* About this task: Write out nothing except the lines of the entries below, from the first through the one containing "- Then, double-click", exactly and without pictures.

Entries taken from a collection
>>>>>

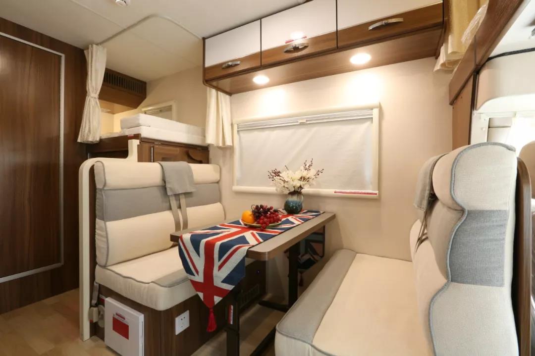 上下铺布局中部设置对开卡座,餐桌降下后可以与沙发拼接成床,车辆后部设置有右侧上下铺单人床,左侧上铺单人床,驾驶区上部双人床(带爬梯),床位独立性强,多人出行休息相互不干扰,满足对空间私密性的要求。
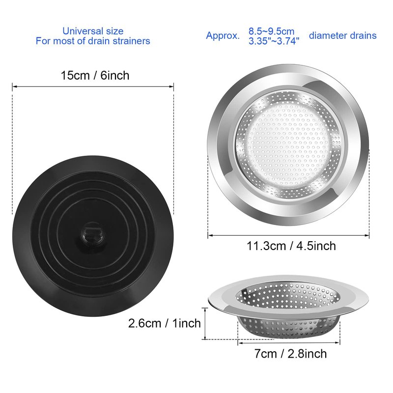 - 【Widely used】Our sink strainer stoppers kit are not only a kitchen drain strainer and sink hole cover, you may also use it in bathtubs and other drains, not only does it store water, but it also stops the odor from moving upwards. Please kindly note, drain strainer is suitable for approx 8.5-9.5cm diameter drains, drain stopper is only suitable for flat smooth surfaces.
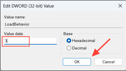 - Then, double-click the 'LoadBehavior' DWORD. If the entry doesn't exist, right-click on an empty area and select 'New' > 'DWORD (32-bit)' Value. Then, name it 'LoadBehavior'.
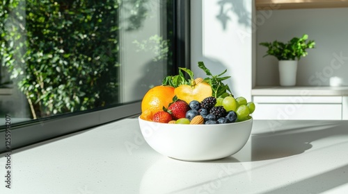 Vibrant vegan fruit bowl with colorful fruits and nuts minimalist kitchen setting bright daylight straight-on shot realistic presentation
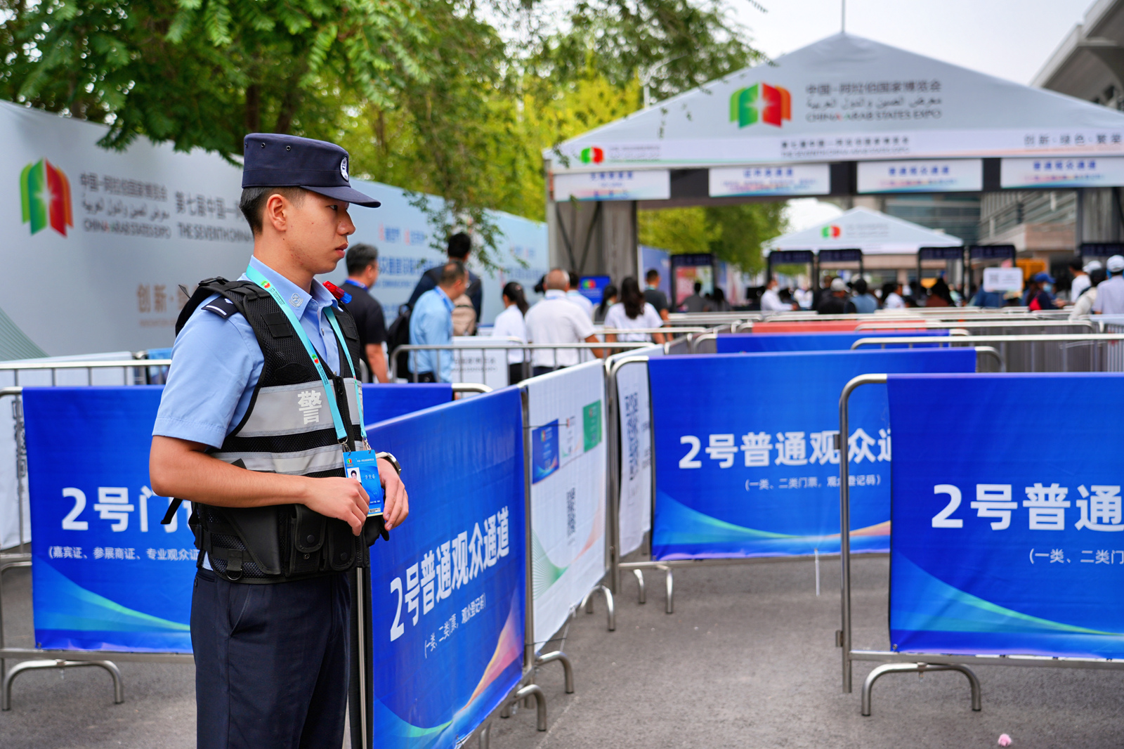 “您好,請(qǐng)過(guò)下安檢?!痹趫?chǎng)館入口,民警劉婧始終面帶微笑,耐心引導(dǎo)每一位入場(chǎng)展商和群眾。在第七屆中阿博覽會(huì)場(chǎng)館入口,一套融合智能感知、無(wú)接觸檢測(cè)和實(shí)時(shí)數(shù)據(jù)分析的智慧安檢系統(tǒng)——包括39部X光機(jī)+82部安檢門,正在高效運(yùn)行,既守牢了安全底線,也極大縮短了等候時(shí)間。

<<<<<

* Written answer:
 上下铺布局中部设置对开卡座,餐桌降下后可以与沙发拼接成床,车辆后部设置有右侧上下铺单人床,左侧上铺单人床,驾驶区上部双人床(带爬梯),床位独立性强,多人出行休息相互不干扰,满足对空间私密性的要求。
 - 【Widely used】Our sink strainer stoppers kit are not only a kitchen drain strainer and sink hole cover, you may also use it in bathtubs and other drains, not only does it store water, but it also stops the odor from moving upwards. Please kindly note, drain strainer is suitable for approx 8.5-9.5cm diameter drains, drain stopper is only suitable for flat smooth surfaces.
 - Then, double-click the 'LoadBehavior' DWORD. If the entry doesn't exist, right-click on an empty area and select 'New' > 'DWORD (32-bit)' Value. Then, name it 'LoadBehavior'.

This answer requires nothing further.